The investors of the securitization trusts have no recourse to the Company’s other assets should there be a
failure of the securities backed by student loans to pay when due. Some of our securitizations meet the
requirements for sale treatment under GAAP, according to the criteria of SFAS No. 140. In these transactions
we use a two-step sale to a qualifying special purpose entity (“QSPE”), such that we do not maintain effective
control over the transferred assets. Accordingly, these transactions are accounted for off-balance sheet.

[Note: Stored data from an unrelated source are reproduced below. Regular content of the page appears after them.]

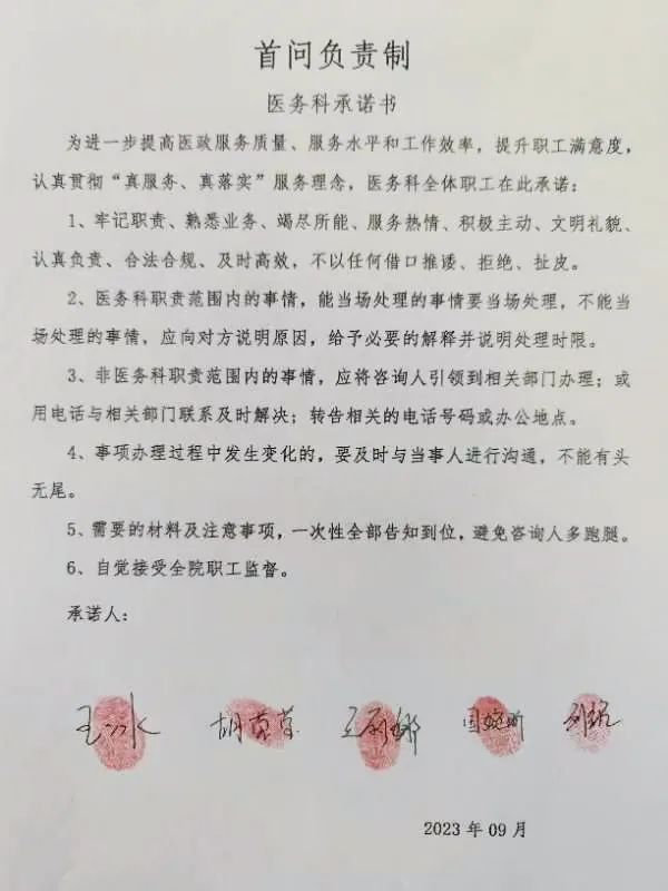 以济南市卫健委“改善患者就医感受提升患者体验”活动为契机,医务科全员签订《首问负责制承诺书》,在今后的工作中将真正把“用情、用心、用力、有效”服务态度和“真情换位、服务到位、不怕麻烦”服务理念落到实处,提高服务水平和工作效率,以实际行动,落实责任担当,确保高效高质服务。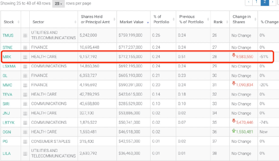 二季度前五大卖出股中,头号卖出股是医药巨头默克,持股份额腰斩,减持股份比例达51%。此外,伯克希尔还大幅减持通用汽车,使其跌出十大重仓股,大举减持美国合众银行,使其成为二季度末的第八大重仓股。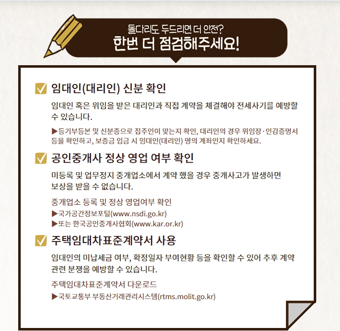위에 있는 체크리스트만 잘 살펴봐도 전세사기는 예방할 수 있습니다.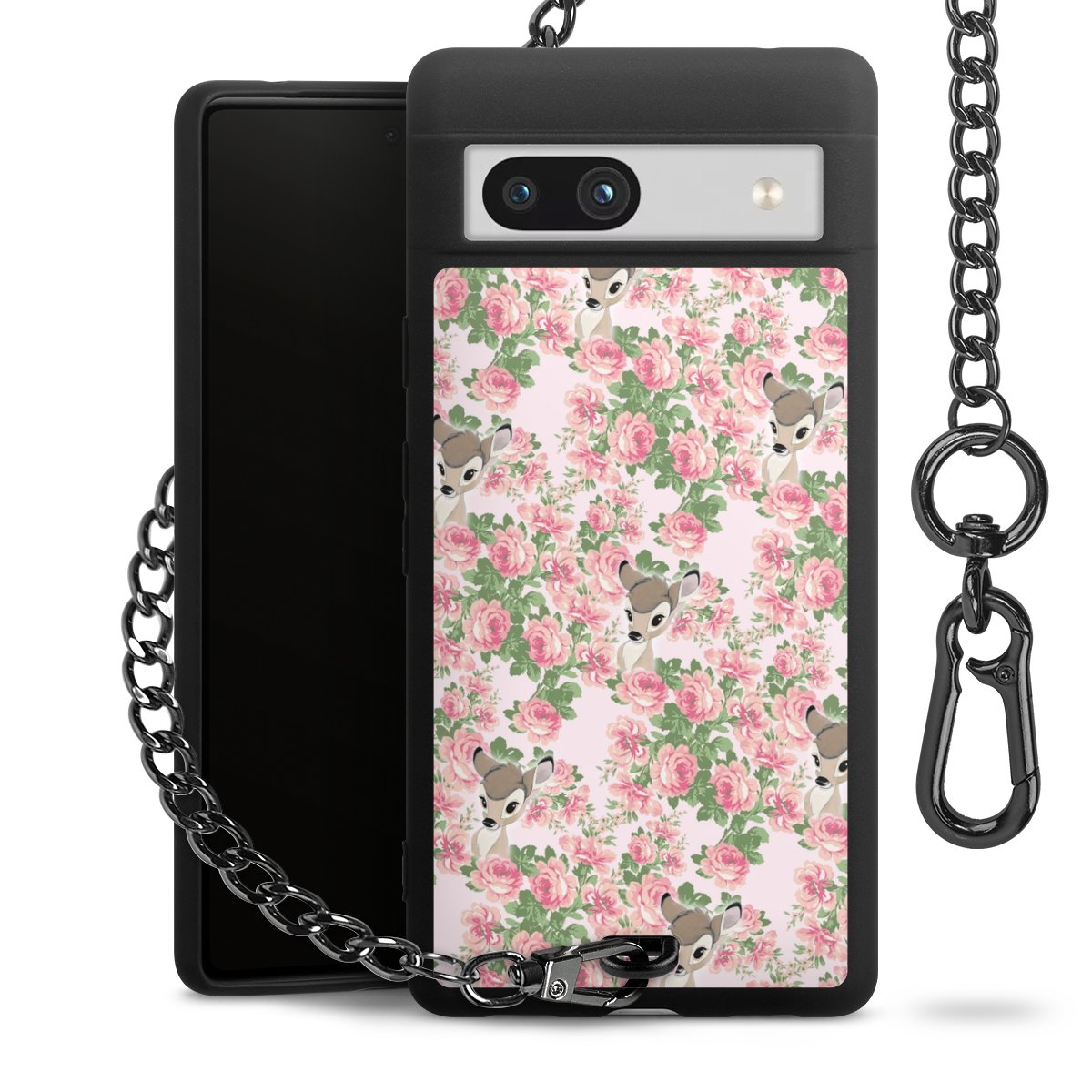Die mattschwarze Silikon-Handyhülle besteht aus robustem TPU (thermoplastisches Polyurethan). Sie ist flexibel und schützt Dein Smartphone vor Stößen und Kratzern. Die Kette sowie der Karabinerhaken sind aus Metall in Gunmetal-Optik gefertigt. Für dieses Produkt kommen ausschließlich TÜV-geprüfte Materialien zum Einsatz.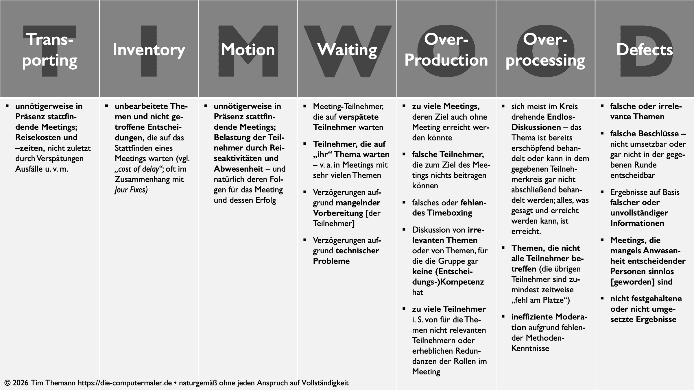 - Die Besprechung sollte frei von Verschwendung („Muda“, 無駄) sein: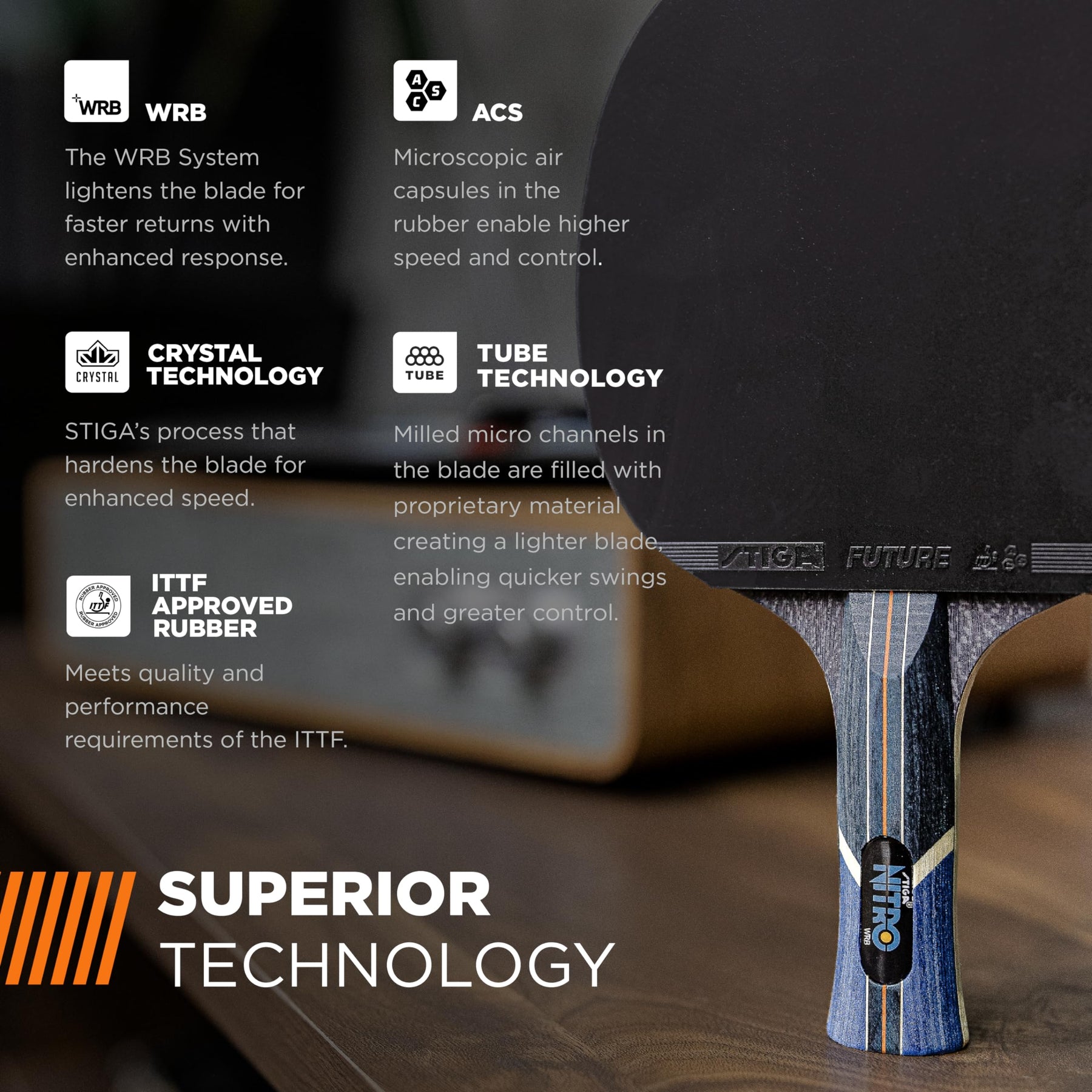 - Original Rackets – STIGA Nitro Performance Ping Pong Paddle - 6-ply Light Blade - 2mm Premium Sponge – Flared Handle for Exceptional Grip - Performance Table Tennis Racket for Serious Play by Stiga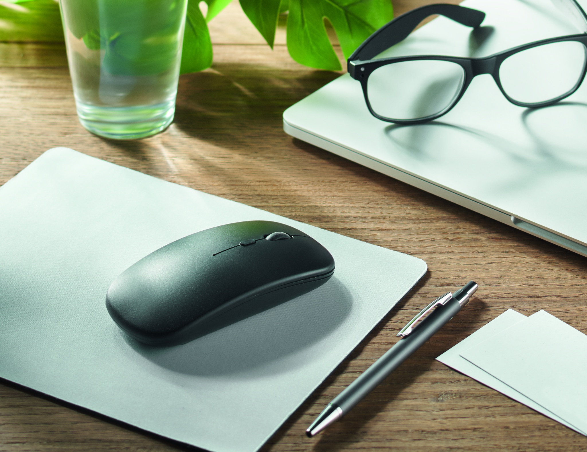 Optisk trådlös mus i återvunnen ABS med uppladdningsbart 500 mAh batteri.

In certain securitization structures, there are terms within the deal structure that result in such
securitizations not qualifying for sale treatment and accordingly, they are accounted for on-balance sheet as
variable interest entities (“VIEs”). Terms that prevent sale treatment include: (1) allowing us to hold certain
rights that can affect the remarketing of certain bonds, (2) allowing the trust to enter into interest rate cap
agreements after the initial settlement of the securitization, which do not relate to the reissuance of third party
beneficial interests or (3) allowing us to hold an unconditional call option related to a certain percentage of
the securitized assets. The securitization structure where we can affect the remarketing of the bonds was
developed to broaden and diversify the investor base for FFELP Consolidation Loan securitizations by
allowing us to issue bonds with shorter expected maturities and with non-amortizing, fixed rate and foreign
currency denominated tranches. As of December 31, 2006, we had $48.6 billion of securitized student loans in
on-balance sheet FFELP Consolidation Loan securitization trusts. These securitizations are included as
financings in the table below.
We recognize a gain on sales related to securitizations that qualify as off-balance sheet transactions. The
gain is calculated as the difference between the allocated cost basis of the assets sold and the relative fair
value of the assets received. The carrying value of the student loan portfolio being securitized includes the
applicable accrued interest, unamortized student loan premiums or discounts, loan loss reserves and Borrower
Benefits reserves. The fair value of the Residual Interest is determined using a discounted cash flow
methodology using assumptions discussed in more detail below. The ongoing earnings from our off-balance
sheet securitizations are recognized in servicing and securitization revenue.